Another critical area that warrants further research is the risks and opportunities of synthetic data generation with LLMs in the domain of health equity. One clear risk is the perpetuation of existing biases in the data used to train LLMs and biases in health data77,78—Bhanot et al79 have documented violations of fairness metrics in existing synthetic data generation methods. For instance, they found that the realism of synthetic sleep data was not equal across age groups.

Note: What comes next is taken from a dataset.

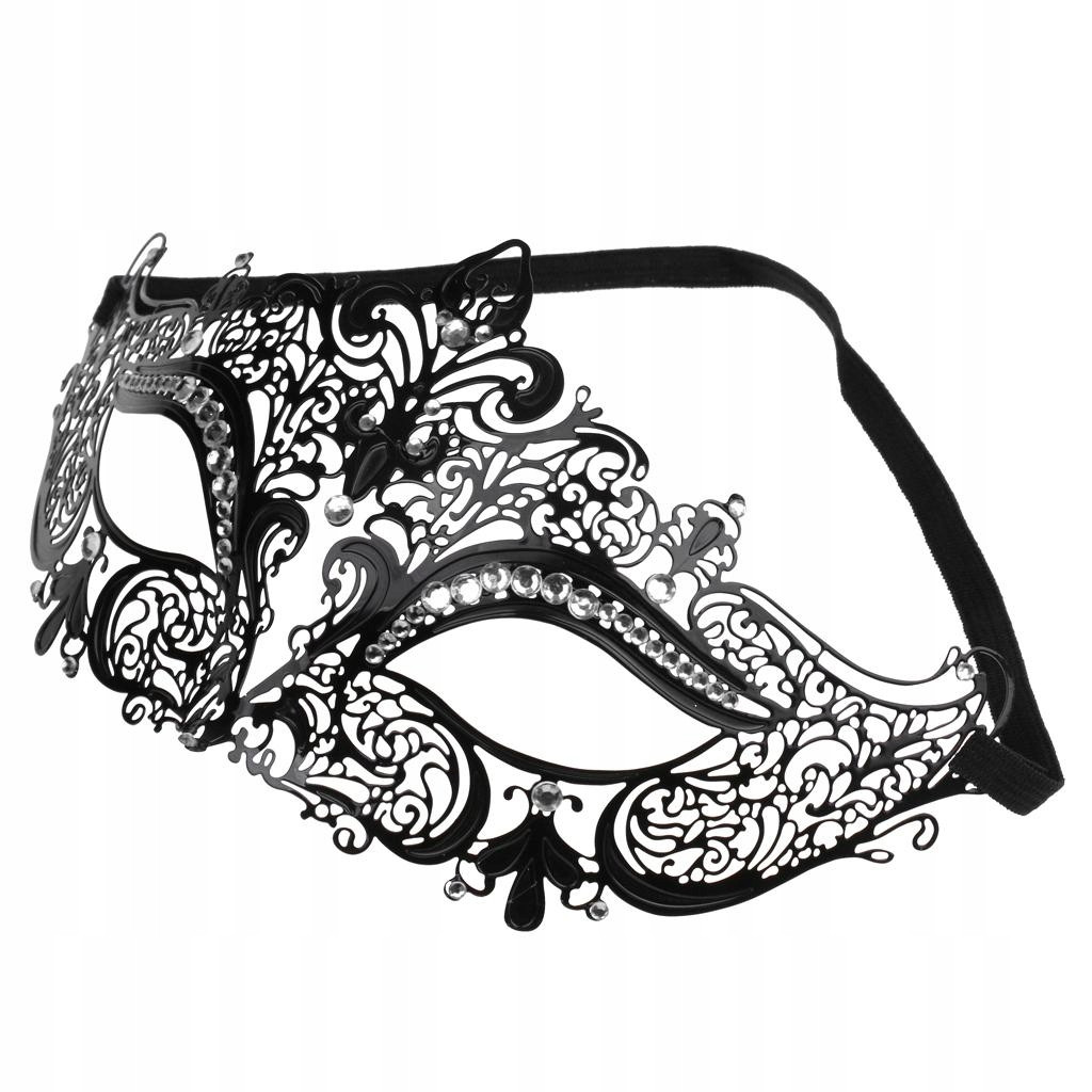 Maska wenecka Maska na oczy z kryształkami Metalowy filigran Halloween Ball Party Czarna

However, as noted by McDuff et al,23 synthetic data generation also provides opportunities to correct existing health equity issues. For instance, machine learning models often underperform for minority groups due to a lack of training data.80 Racial minorities are underrepresented in clinical trials and in health data81—synthetic data generation can help increase representation of smaller groups in augmented datasets and boost performance of these models for underrepresented groups. Thus, 1 valuable research direction is to compare the boost in performance for minority groups that LLM-based synthetic data provide over other common ML fairness methods aimed at improving performance for small groups.

Regulatory challenges

Moving forward, the regulatory environment for generative AI will likely evolve rapidly. Regulation of LLMs in general, and synthetic health data in particular, is not clearly delineated in current data protection guidelines (eg, The General Data Protection Regulation [GDPR]).82 However, privacy preservation is a key policy requirement in emerging legislation on AI such as the EU AI Act83 and the Executive Order issued in the United States.84 Giuffrè et al85 discuss the difficulty of proving whether synthetic data are fully anonymized, as required by GDPR, as recent methods claiming to achieve de-identification were shown to retain vulnerability to re-identification attacks. One must also consider the privacy policies of LLM providers. For example, OpenAI’s policies around storing user data, training future models on user data, and sharing data with third parties may preclude researchers from providing sensitive patient data in input prompts.86 There are also considerations for the data used to validate the performance and safety of medical devices, which regulators must consider; relatedly, the Food and Drug Administration (FDA) and the Advanced Research Projects Agency for Health (ARPA-H) recently launched a program to help facilitate access to broader diversity in training and test data to better empower FDA pre-market submissions.87 The intersection between the regulatory landscape and the use of LLMs for SHDG represents a final opportunity for further work.

Conclusion

LLMs have already shown great promise in a variety of healthcare applications, and SHDG is a logical next high-impact application area of LLMs. These methods can provide opportunities to address persistent challenges such as fairness in health modeling. However, we must ensure that potential drawbacks to LLM-based models are carefully examined as well. Each of these concerns—privacy, data efficiency, or bias perpetuation—is an important area of research as we develop new LLM-based synthetic health generation approaches.

Contributor Information

Daniel Smolyak, Department of Computer Science, University of Maryland, College Park, College Park, MD 20742, United States.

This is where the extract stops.